The Sox lost the World Series in seven games. That team is still fondly remembered, though, and nobody considered them anything other than heroes. Teams that followed them, and failed to win the big prize, would be looked upon with less mercy by a region starved for a championship.
The Sox reached the World Series again in 1975. Again, they lost it in seven games. Still, they gave us quite a thrill, what with Bernie Carbo and Carlton Fisk performing miraculous heroics in Game Six, so the eventual loss was not a reason to run them out of town.
In 1978, well... I refer you to the pieces Knucklehead and I did concerning that. Sox fans were beginning to become a bit more desperate, and the word "choke" began to make random appearances in folk’s conversations regarding the Olde Towne Team.
Then, the nightmare that was 1986 happened.
Oh, it was a wonderful regular season, and the comeback in the playoffs versus the Angels was a great thing, but Game Six of the Series will forever live in infamy in the minds of Red Sox Nation. They were one strike away from the World Championship. And, damn it, if anybody wants to lay the loss at the feet of Bill Buckner, you can safely ignore that person’s opinions concerning anything to do with baseball. Blame Calvin Schiraldi, blame Rich Gedman, blame Bob Stanley (and, as with Buckner, not really his fault, in my opinion), blame John McNamara, but poor Billy Buckner should never even have been in position to blow the play for which he is unfortunately remembered. Bottom line: the Sox lost the Series, again in seven games.

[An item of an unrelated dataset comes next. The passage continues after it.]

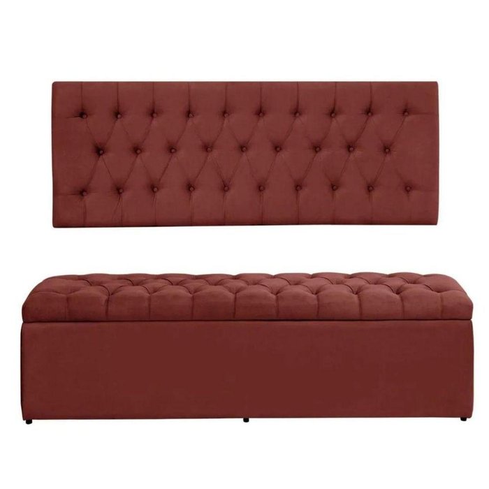 Painel Cabeceira Com Bau Calçadeira Dubai 1.93mt -suede Vermelho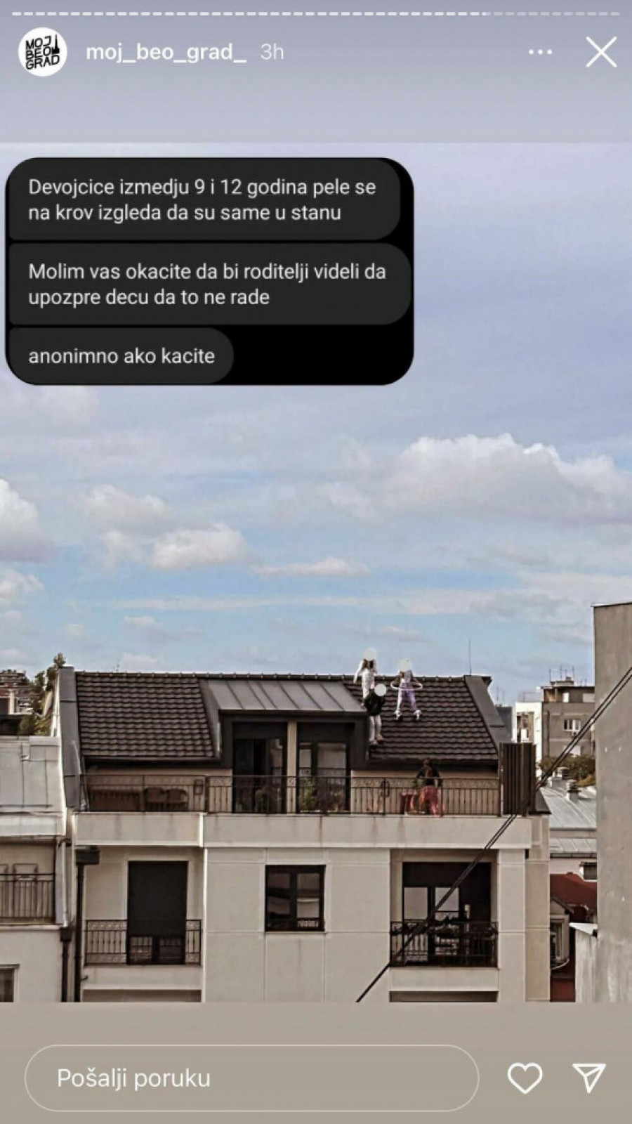 Na Instagram stranici "Moj_beo_grad_" objavljena je fotografija na kojoj se vide tri devojčice koje su se popele na krov jedne stambene zgrade, a jedna od njih je čak imala i obruč oko struka. Foto: Printscreen Instagram moj_beo_grad

Fast-forward through a whole bunch of years where the Sox had decent teams, and made the playoffs, but never won it all. This brings us to 2003 and Aaron Bleeping Boone.
Sox vs. Yankees, for the American League pennant. Here’s a brief history of what had transpired in other years:
1949 – Sox need to win only one of the two remaining games in the regular season in order to go to the World Series (and play the Boston Braves, I might add, which would have been the only time a Boston Subway series happened.) They lose both games to the Yankees.
1950 through 1964 – The Yankees win the American League something like 13 times in this stretch. The Red Sox finish second three or four times, then start the slow decline to the last-place teams of the early 60’s.
1978 – Yankees beat the Sox in the one-game playoff. Yankees win World Series.
And so on. Whenever something was on the line, the Yankees won.
So here were the two teams matched up in 2003. It came down to a seventh game, in Yankee Stadium, and that game went into extra innings. The Sox lost when Aaron Boone hit a walk-off home run off of Tim Wakefield (who was very much in line to be the MVP of that series until then, by the way, and deserved better when he was pressed into duty in that extra inning game, the poor bastard.)
You have to understand that, as much detail as I’ve gone into, I easily could have written another 10,000 words about my history as a Sox fan. And there have been more good times than bad. I shortened the details to save you from amazing boredom, and concentrated on the failures because it makes a better story. Anyway, in a nutshell, that was the history coming into 2004. I was a fan for 40 years and the Sox had never won the championship. As a matter of fact, they hadn’t won it since 1918, a span of 86 years. Bostonians were born, lived their entire lives, died as old men, and never saw the Sox win it all. My Dad was one of them. Some wag put it this way: “They killed my grandfather, they killed my father, and now they’re coming for me!”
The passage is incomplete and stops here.